L’oral est une communication faite de compromis. Pas le temps de réfléchir à ses répliques. L’on voudrait croire que le langage parlé est le reflet fidèle de sa pensée, cependant même si c’était le cas, ce serait déjà négliger l’évidence que ce langage n’a pas la même signification à réception par un autre esprit ; nous devons le lui adapter, c’est-à-dire introduire une seconde réflexion par-dessus celle qui a produit la pensée, ce qui rend le processus encore moins instantané.
En pratique dans une conversation, pour rester dans un débit de communication raisonnable, on a affaire, de part et d’autre, à des automatismes pour l’essentiel, et il est merveilleux d’apprécier, chez certains, une bibliothèque si gigantesque d’automatismes, tirés d’une mémoire infaillible, qu’on a l’impression de n’en avoir jamais entendu aucun.
La conversation semble d’autant plus inépuisable que l’on croise une grande variété de répertoires individuels, si bien que le nombre de combinaisons nous semble infini.
Pourtant, si une machine récoltait et classait tout ce qui est dit, elle pourrait sans doute nous annoncer, même au sujet de la plus originale des phrases, qu’elle a été dite ici et là, voire que des blockbusters tels « Quel temps magnifique ! » et ses séquelles ont été énoncés des nombres inconcevables de fois et comportent moins de signification qu’un clignement de paupière.
Ainsi apprécie-t-on sans doute la conversation de façon trop simpliste, comme s’il s’agissait d’un repas plus ou moins gastronomique, alors que sa réussite déclenche des transformations plus profondes et durables dans notre vie que le ravissement des papilles gustatives.
Mais est-elle toujours réussie ? Faut-il converser ?
Aime-t-on tellement peu ses mots qu’on les lâche nus et sans défense, saisis aussitôt par un contradicteur, étripés sans merci, leurs dépouilles défigurées jetées à travers l’assistance, jusqu’à ce qu’ils vous reviennent tellement hideux que vous refusez d’en reconnaître la paternité ?
La peine empêche parfois d’en créer davantage, et les fait garder prudemment à l’abri du vaste garage buccal, les mots dedans à côté des maux de dents, avant de les mettre gentiment au lit… sur la page blanche, toute virginité retrouvée.

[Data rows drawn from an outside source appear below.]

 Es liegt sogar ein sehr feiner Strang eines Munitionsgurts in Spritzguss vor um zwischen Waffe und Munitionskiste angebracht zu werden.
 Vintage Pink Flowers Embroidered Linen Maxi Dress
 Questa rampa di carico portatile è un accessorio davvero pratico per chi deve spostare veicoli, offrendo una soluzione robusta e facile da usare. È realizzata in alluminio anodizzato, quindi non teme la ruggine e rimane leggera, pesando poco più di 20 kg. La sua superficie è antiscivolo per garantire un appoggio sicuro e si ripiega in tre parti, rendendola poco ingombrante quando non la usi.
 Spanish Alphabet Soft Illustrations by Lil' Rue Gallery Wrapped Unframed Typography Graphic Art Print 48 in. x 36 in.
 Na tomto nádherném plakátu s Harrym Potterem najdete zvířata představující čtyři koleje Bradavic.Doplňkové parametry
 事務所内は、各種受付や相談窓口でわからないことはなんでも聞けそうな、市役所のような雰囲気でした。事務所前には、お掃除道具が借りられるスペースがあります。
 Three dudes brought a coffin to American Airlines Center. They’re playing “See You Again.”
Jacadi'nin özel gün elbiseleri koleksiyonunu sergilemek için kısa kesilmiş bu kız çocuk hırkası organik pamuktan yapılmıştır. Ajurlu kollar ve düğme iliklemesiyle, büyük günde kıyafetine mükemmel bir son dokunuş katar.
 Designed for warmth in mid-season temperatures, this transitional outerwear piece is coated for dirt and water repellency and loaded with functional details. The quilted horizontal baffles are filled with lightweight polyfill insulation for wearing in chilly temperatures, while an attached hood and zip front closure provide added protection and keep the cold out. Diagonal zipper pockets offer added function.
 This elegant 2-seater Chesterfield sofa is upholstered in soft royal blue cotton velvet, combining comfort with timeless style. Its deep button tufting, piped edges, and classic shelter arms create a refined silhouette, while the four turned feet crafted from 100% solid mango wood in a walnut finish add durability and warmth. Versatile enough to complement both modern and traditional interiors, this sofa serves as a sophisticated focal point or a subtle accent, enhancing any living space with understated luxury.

Que notre désolation pour les mots saccagés ne nous pousse pas à les retenir ainsi, mais à les envoyer en cohortes mieux organisées, percutantes, polyvalentes, modulables. Equipons-les des béliers du sentiment, qui iront heurter sans merci les murailles de l’indifférence. Parvenons à voir les lèvres s’entrouvrir, les yeux s’éclairer, sur les champs de la conquête.
Parvenu au but, vous pouvez remercier vos braves soldats… et les congédier, car vous vous occuperez seul de l’objectif ultime : quand la langue réussit enfin à communiquer directement avec l’autre langue, les mots ne passent plus.